WHAT IS EXPECTED: Your job is to print, exactly, the lines in the data below from the line with "1 Queen Size" through the line with "Aux fourneaux, trois", both included, and to omit any picture.

SOURCE INFORMATION:
■ ■ ■ ■

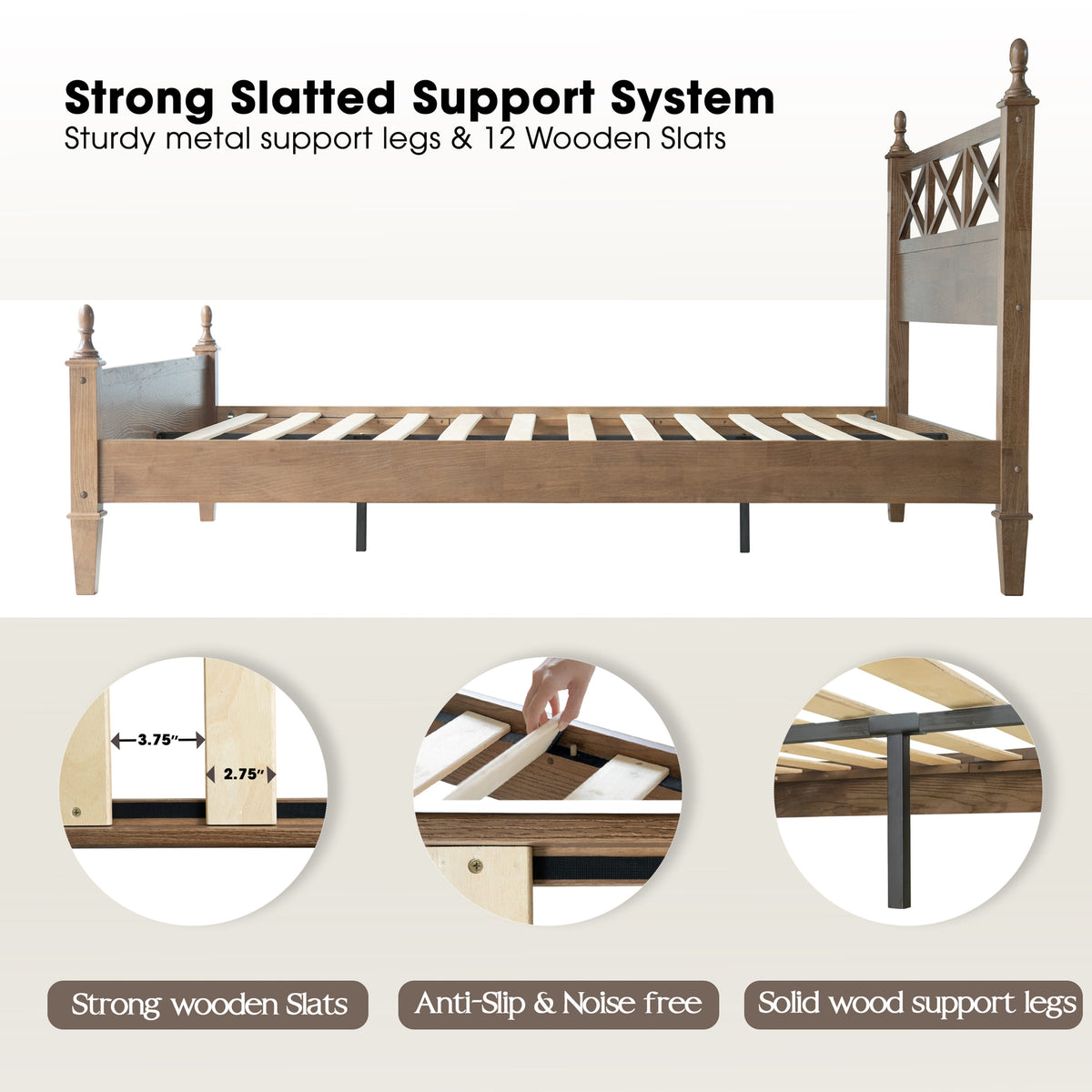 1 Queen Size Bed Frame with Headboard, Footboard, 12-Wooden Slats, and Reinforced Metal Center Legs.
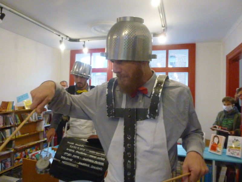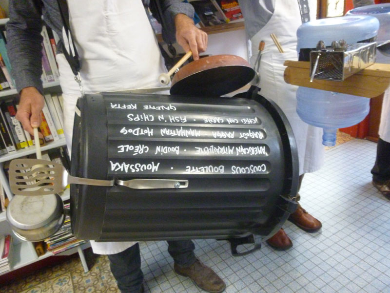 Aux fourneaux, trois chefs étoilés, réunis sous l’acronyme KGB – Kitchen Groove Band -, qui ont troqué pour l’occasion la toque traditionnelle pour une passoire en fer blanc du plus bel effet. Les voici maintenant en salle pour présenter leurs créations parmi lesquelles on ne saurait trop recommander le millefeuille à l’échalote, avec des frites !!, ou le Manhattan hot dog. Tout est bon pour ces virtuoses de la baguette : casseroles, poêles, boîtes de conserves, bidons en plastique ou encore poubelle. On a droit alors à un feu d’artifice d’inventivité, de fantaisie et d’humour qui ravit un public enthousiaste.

■ ■ ■ ■

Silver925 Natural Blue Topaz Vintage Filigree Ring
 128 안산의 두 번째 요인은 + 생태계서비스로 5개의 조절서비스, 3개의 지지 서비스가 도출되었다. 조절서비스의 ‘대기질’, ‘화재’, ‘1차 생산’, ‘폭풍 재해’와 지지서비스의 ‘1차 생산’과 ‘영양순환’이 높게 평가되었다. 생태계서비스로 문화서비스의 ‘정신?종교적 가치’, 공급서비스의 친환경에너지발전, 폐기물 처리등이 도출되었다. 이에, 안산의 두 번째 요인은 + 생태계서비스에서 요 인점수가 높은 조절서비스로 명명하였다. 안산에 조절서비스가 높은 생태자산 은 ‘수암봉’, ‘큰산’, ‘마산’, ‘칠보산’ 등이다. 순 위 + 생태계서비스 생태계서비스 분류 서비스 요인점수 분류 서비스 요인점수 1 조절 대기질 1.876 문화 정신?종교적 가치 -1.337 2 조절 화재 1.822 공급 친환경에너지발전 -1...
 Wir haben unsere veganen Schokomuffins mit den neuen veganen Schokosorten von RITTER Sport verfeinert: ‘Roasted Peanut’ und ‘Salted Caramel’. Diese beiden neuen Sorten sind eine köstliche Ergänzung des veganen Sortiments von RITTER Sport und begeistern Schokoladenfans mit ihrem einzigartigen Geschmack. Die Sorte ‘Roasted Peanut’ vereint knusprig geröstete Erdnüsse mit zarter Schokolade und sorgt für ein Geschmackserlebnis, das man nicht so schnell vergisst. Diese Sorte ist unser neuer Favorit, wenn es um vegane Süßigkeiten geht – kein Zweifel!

■ ■ ■ ■

RESULT FOR THIS TASK:
 1 Queen Size Bed Frame with Headboard, Footboard, 12-Wooden Slats, and Reinforced Metal Center Legs.
 Aux fourneaux, trois chefs étoilés, réunis sous l’acronyme KGB – Kitchen Groove Band -, qui ont troqué pour l’occasion la toque traditionnelle pour une passoire en fer blanc du plus bel effet. Les voici maintenant en salle pour présenter leurs créations parmi lesquelles on ne saurait trop recommander le millefeuille à l’échalote, avec des frites !!, ou le Manhattan hot dog. Tout est bon pour ces virtuoses de la baguette : casseroles, poêles, boîtes de conserves, bidons en plastique ou encore poubelle. On a droit alors à un feu d’artifice d’inventivité, de fantaisie et d’humour qui ravit un public enthousiaste.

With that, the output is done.